In 2007 I sold or gave away everything I owned, and set off with the intention of backpacking round the world. These are my travel journals, originally hosted at www.scadindustries.com.


Thursday, 19 March 2009

24th of July 2007: Friends in Winnipeg

A good night's sleep, and first thing I packed up my gear and went looking for net access before my Servas visit tonight. I decided to walk up from Maryland to the public library, which turned out to be a long hot stroll of over an hour. Halfway there I stopped to sit on a shady wall and enjoy one of the best burgers of my life from the stall of the friendly and quirky Mr Mike, who, when he found out I was from England, insisted on giving me a free Dr Pepper and that I try the Canadian delicacy Squeeze Cheese; "The England-Man must try the Squeeze Cheese!"

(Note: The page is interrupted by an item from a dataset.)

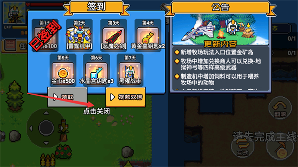 4、进入签到界面、点击领取获取奖励、随后点击关闭、继续荒岛求生的游戏进程。
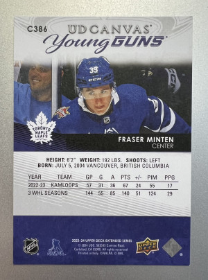 2023 Upper Deck Fraser Minten #C386 Rookie

Fortified, I carried on to the library where I found internet access but no facility to upload my photos. Before leaving again to find a net cafe (I wasn't sure how much time I had or I would have updated the blog at least, a choice I later regretted), I ran into a fellow hitcher from the US, Frank, who was on a limited visa (due to lack of funds) and visiting Canada in his school holidays. A veteran hitch-hiker, Frank had a wealth of great and fairly disturbing hitching stories, including being stabbed in a bar in Mexico after trying out a Spanish "pickup line" his friend had told him - the girl's boyfriend had been violently unamused, and Frank never found out what he'd said to her.


After a fruitless search of the area for an internet cafe I was sweltering, and I collapsed in a Second Cup cafe for a strawberry lemonade smoothie (the best possible thing on a hot day) and to wait for time to get a bus to my hosts. When I arrived in their house on a beautiful TV-perfect leafy suburban street the Kirby family made me enormously welcome, treated me to a delicious meal of bison burgers and fresh salad (mostly from their own vegetable garden), a long evening of great conversation (and vicarious Nintendo with their two sons), and a comfortable bed in their cool basement.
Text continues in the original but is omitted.